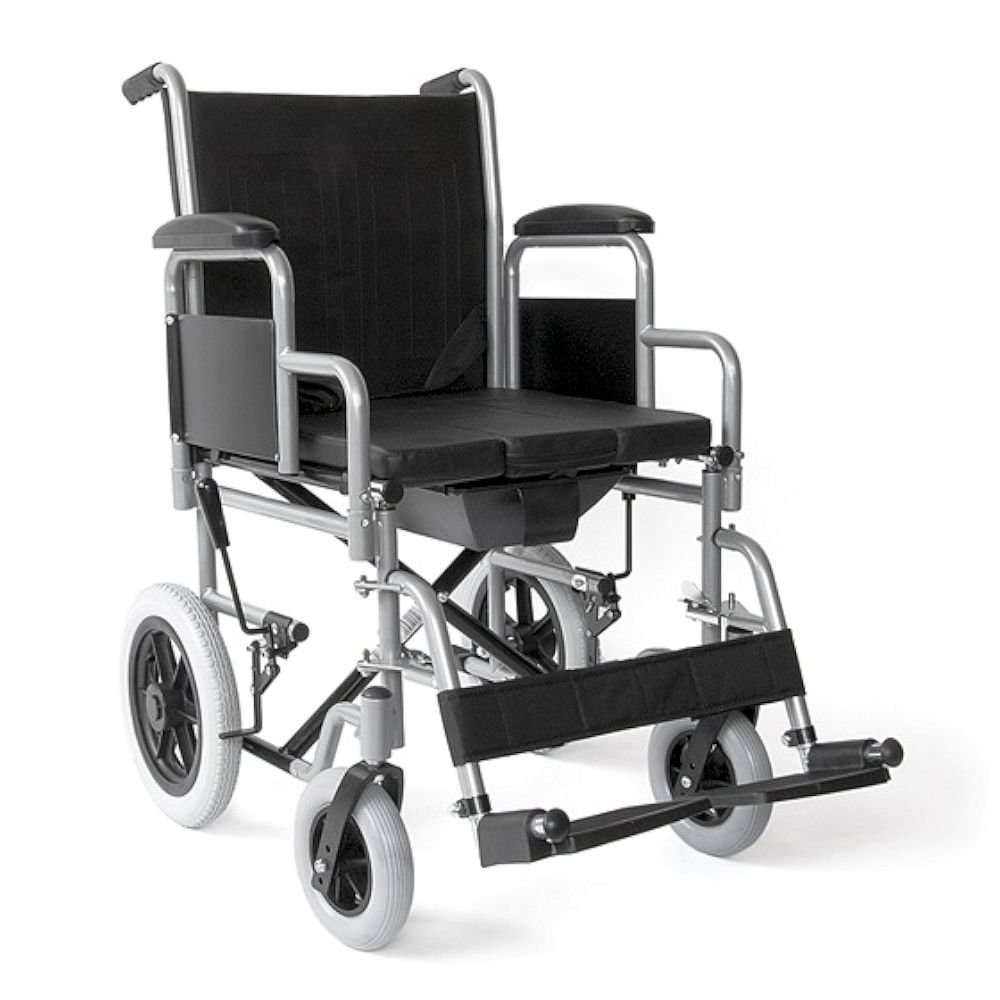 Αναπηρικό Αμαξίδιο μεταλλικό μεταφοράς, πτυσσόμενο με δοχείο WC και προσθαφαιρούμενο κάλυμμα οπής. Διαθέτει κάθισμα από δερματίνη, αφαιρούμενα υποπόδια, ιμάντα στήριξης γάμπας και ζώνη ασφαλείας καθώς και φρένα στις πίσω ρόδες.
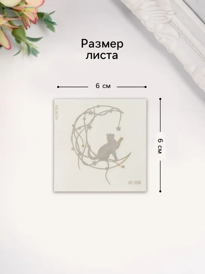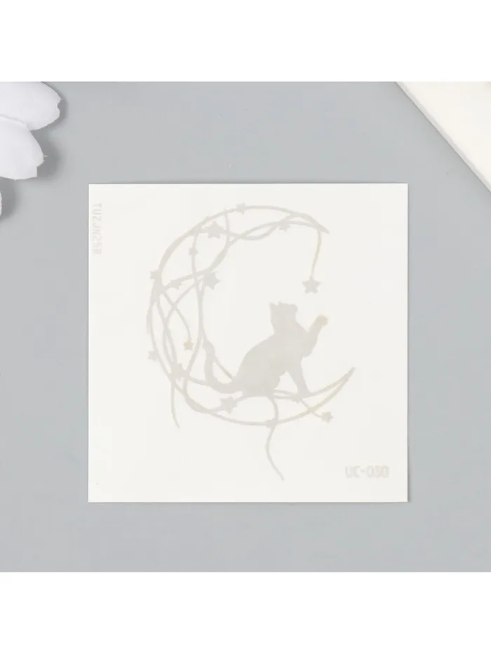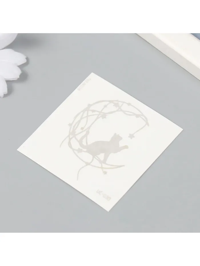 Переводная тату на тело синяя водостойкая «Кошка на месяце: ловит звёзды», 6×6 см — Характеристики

...

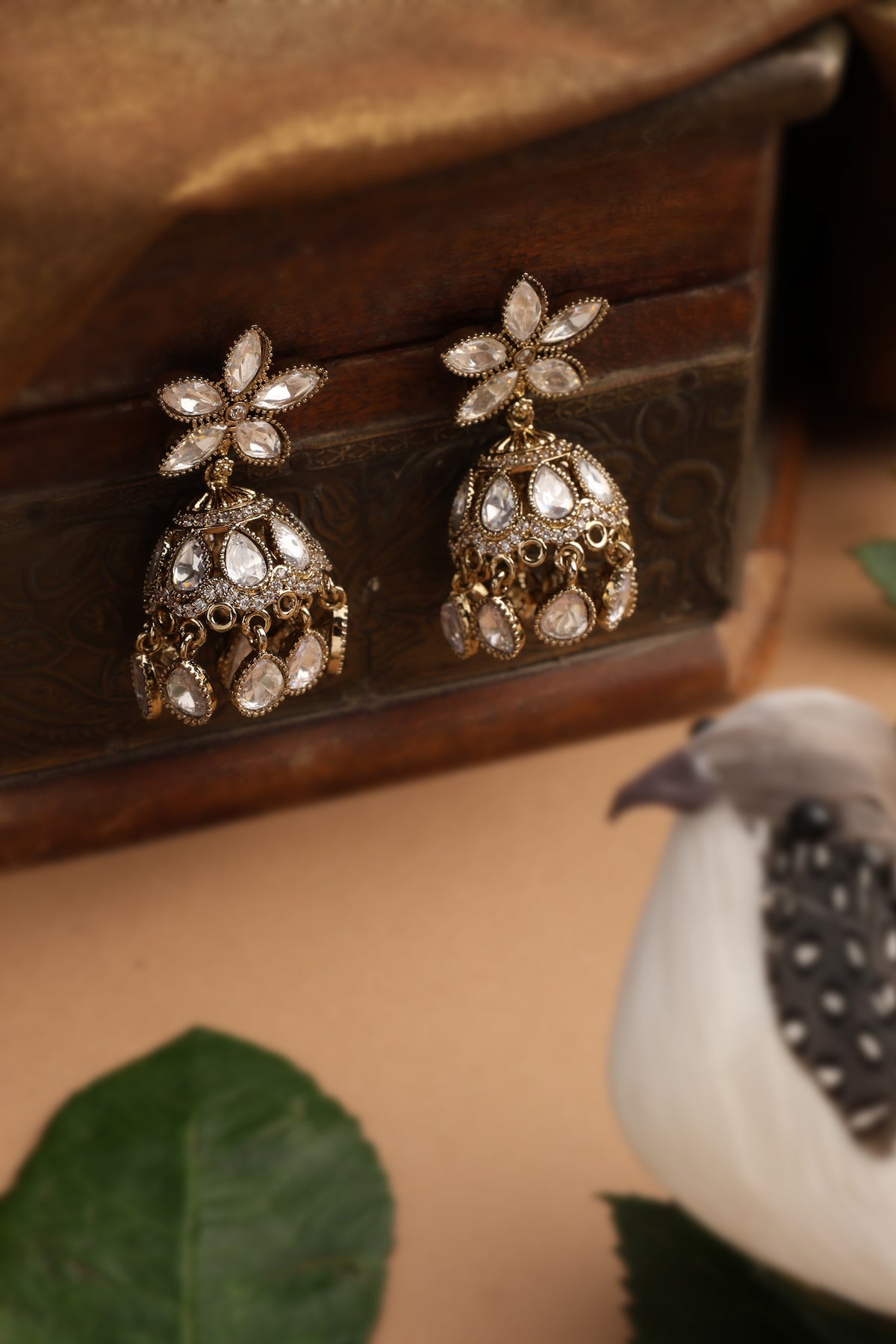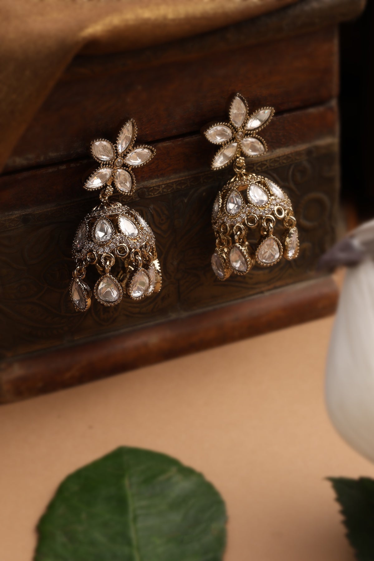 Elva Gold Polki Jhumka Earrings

The problem: Pictures aside, print exactly the lines above starting with the one containing "Αναπηρικό Αμαξίδιο μεταλλικό" and going on through the one containing "Переводная тату на".

Answer to this exercise:
 Αναπηρικό Αμαξίδιο μεταλλικό μεταφοράς, πτυσσόμενο με δοχείο WC και προσθαφαιρούμενο κάλυμμα οπής. Διαθέτει κάθισμα από δερματίνη, αφαιρούμενα υποπόδια, ιμάντα στήριξης γάμπας και ζώνη ασφαλείας καθώς και φρένα στις πίσω ρόδες.
 Переводная тату на тело синяя водостойкая «Кошка на месяце: ловит звёзды», 6×6 см — Характеристики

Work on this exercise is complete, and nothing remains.